Many subject trees include a search tool for their selected resources, not to be confused with the 
comprehensive search engines that try to encompass the entire Internet. One good example is Infomine 
[Infomine 98] maintained by participants from all the University of California Libraries and Stanford 
University Library. Infomine provides annotated links to research and educational materials in a wide range 
of subjects. Its search mode allows Boolean searching within each of its broad subject categories. Search 
results also provide pointers to other categories of the Infomine tree which may include resources on the user’s 
topic. This type of searching is somewhat analogous to performing a keyword search on a online catalogue; 
the results of the initial search indicate specific subject terms for use in subsequent searches. 

The Web also contains bibliographies of resources for specific topics. Expanding on traditional print 
bibliographies, many provide citations to both print and Web resources with hypertext links to the Web 
documents. One excellent, frequently updated example is The Scholarly Electronic Publishing Bibliography 
[Bailey 98]. The Bibliography includes citations to articles, books, and electronic resources with appropriate 
links to full-text Web resources. The Bibliography may be browsed via its table of contents or searched using 
Boolean logic. 



3. The Library Catalogue and the Web 

The creation of a subject tree or bibliography is a systematic exercise imposing order and authority 
over a defined collection of resources. However, the need to integrate these resources into a single finding tool 
remains. The natural choice is the library catalogue, which is still the most persistent authorial voice for 
managing information resources. While subject trees may provide flexible keyword searching and subject 
classification, only the library catalogue provides rigorous authority control: the establishing of specific forms 
of names and subjects to be used throughout a set of bibliographic records. 

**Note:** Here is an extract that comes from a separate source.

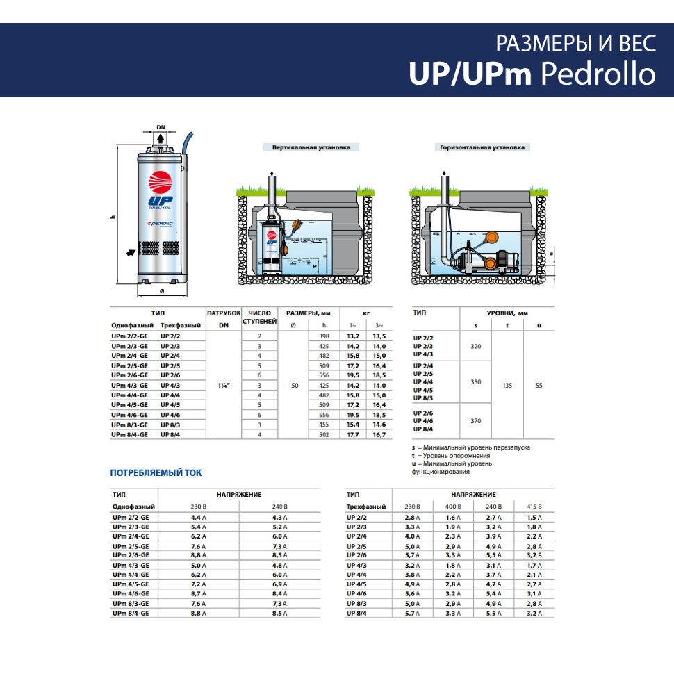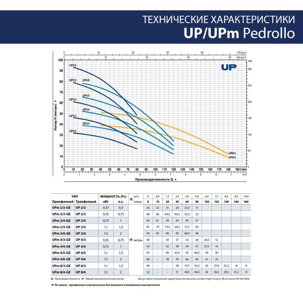 Многоступенчатые насосы однофазный насос Pedrollo UPm2/4- GE с попловком предназначены для подъёма воды из колодцев. Это отличное решение для бытовых нужд, которое позволит организовать бесперебойное водоснабжение загородного дома или дачи. Данные насосы способны работать даже при содержании песка в воде до 150 г/м3. Конструкция насоса обеспечивает защиту от засорения даже после длительного простоя. Оборудование серии UP выполнено из нержавеющей стали высокого качества, что обеспечивает надёжность, гидроизоляцию и долговечность аппаратуры. Кабель электропитания изготовлен из материалов, пригодных для использования в контакте с питьевой водой. Однофазные модели оборудованы поплавковым устройством выключения, защищающим насос от сухого хода.

The library catalogue, which has been online in most libraries for many years, uses standard rules to 
describe, classify and provide authority control for resources. Long before the emergence of the Web, library 
catalogues have provided rigorous access to information in a wide variety of formats: print, microform, audio 
tape, CD-ROM, etc., so the user need not predetermine the format of desirable resources. The catalogue 
ensures that a single item may be accessed in a number of ways: by author, title, and one or more subject 
headings, so that users with only partial information about a resource will be able to identify and locate it. 
Indeed for many library users, who may never approach an information desk or consult with a librarian, the 
catalogue performs a valuable public service. It is the job of the cataloguer to anticipate the needs of the user 
and the questions the user may have about the content, location, and usability of resources. 

Keeping their individual user communities in mind, librarians have never attempted to catalogue all 
published information indiscriminately; instead, collections librarians select appropriate resources, and 
cataloguers work to make these resources as accessible as possible. Even within a given subset of published 
materials, cataloguers do not attempt to create all records from scratch. The sharing of catalogue records 
among libraries has been an established practice for many years, beginning in the days when major libraries 
published their catalogues in print form, and continuing through to the sophisticated, online, world-wide 
sharing that exists today. Cataloguers represent an established, objective, and cooperative body of 
professionals accustomed to addressing the growing world of information resources and the changing needs of 
their user communities. 

Given the proven talents of cataloguers for responding to user needs, the library catalogue can be seen 
as a natural vehicle for organizing Web resources. This, it should be noted, is a far different thing from 
"cataloguing the Internet" in its entirety: an overwhelming and probably unnecessary task. 

A growing number of libraries have begun enhancing their catalogues by adding URLs to existing 
records. For example, at Wilfrid Laurier University, we identify URLs for online versions of publications and 
add them to our records [TRELLIS 98]. We are particularly concerned with showing the connection between 
items previously available in print and now available electronically. 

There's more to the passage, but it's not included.